When I heard Lee Smith’s quote, however, it was not travel that first came into my mind. The reason I believe it resonated so loudly with me is because I recognized the frustration I’ve experienced over the years with several important relationships. I’m guilty of expecting people to behave in a certain way or to respond to me in a certain manner and they don’t always meet my expectations. I’ve got some amazing people in my life and I’m not proud of judging them as wanting because they didn’t live up to my expectations and perhaps because I didn’t even let them know what I wanted. I’ve been on the other side of this also and it’s a very exhausting experience to try and meet someone’s expectations whose needs are quite extensive but who doesn’t want to appear needy and so doesn’t tell you what they are.
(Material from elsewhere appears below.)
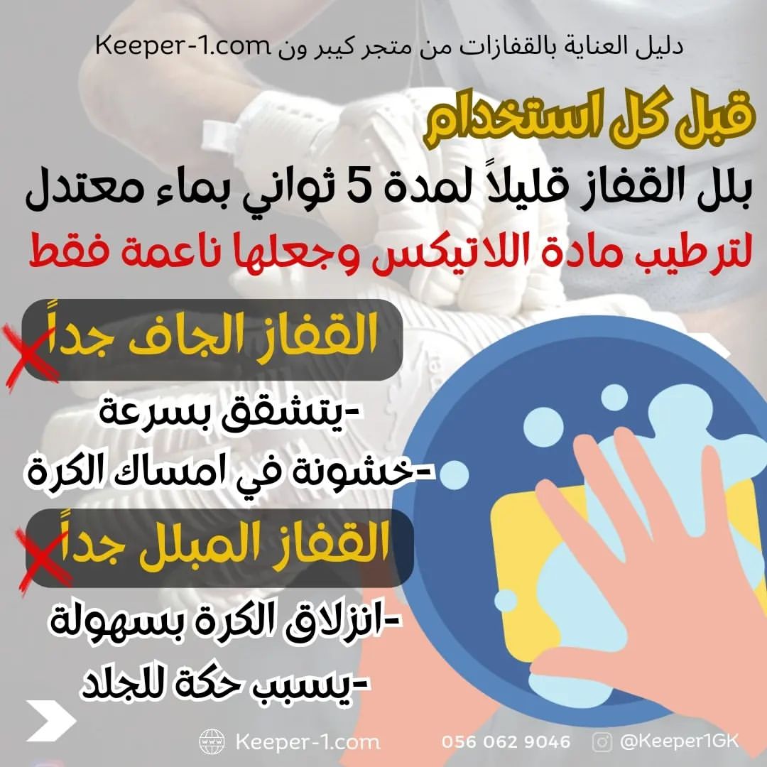 📍 نحتاج تبليل القفازات لمدة 5 ثواني، لتمتص مادة اللاتيكس الماء وتبقى في حالة رطبة وطرية وليست جافة. ليساعدك في امتصاص الكرة GRIP 🧲.

The phrase I have adopted this year to begin my meditation with is, “I let go of affection, security and power and accept this moment exactly as it is.” I say it before I begin meditating and have to say it several times during my quiet time. “I let go.” How powerful is that? When I stop attaching my wants and desires on my loved ones, I give them permission to be whoever they are and I am then called upon to love them and accept them exactly as they are. Perhaps, once I can achieve that state, I can also allow myself to be the best I can be and not feel an obligation to create someone else’s happiness, or even comfort. As I examine this new phrase, I wonder how much of my life has revolved around my expectations and if that’s served me well or not? I think there’s a difference between expectation and hope. The first is about the destination and the later is about the journey. I can be guilty of focusing on the destination when It comes to every aspect of my life not just my relationships or my travel but my faith, my material possessions, my health, my social life. None of that has brought me happiness or contentment. It’s time to let go.

Maybe by letting go I will make more room for God in my life. Perhaps by letting go over and over again, just like I do in my mediation, I will finally be content and peaceful. I think my pilgrimage to Santiago de Compostella began the day I signed up for this journey and the lessons I am to learn and share started showing up almost immediately, including in Lee Smith’s talk. Although one of my affirmations is, “The best is yet to come.” Well, who is responsible for that? Perhaps that too can refer to the journey and not the destination. I’ll let you know as I walk along. Look for an update or two but don’t expect too much!

May the road rise up to meet you. May the wind be always at your back. May the sun shine warm upon your face; the rains fall soft upon your fields and until we meet again, may God hold you in the palm of His hand.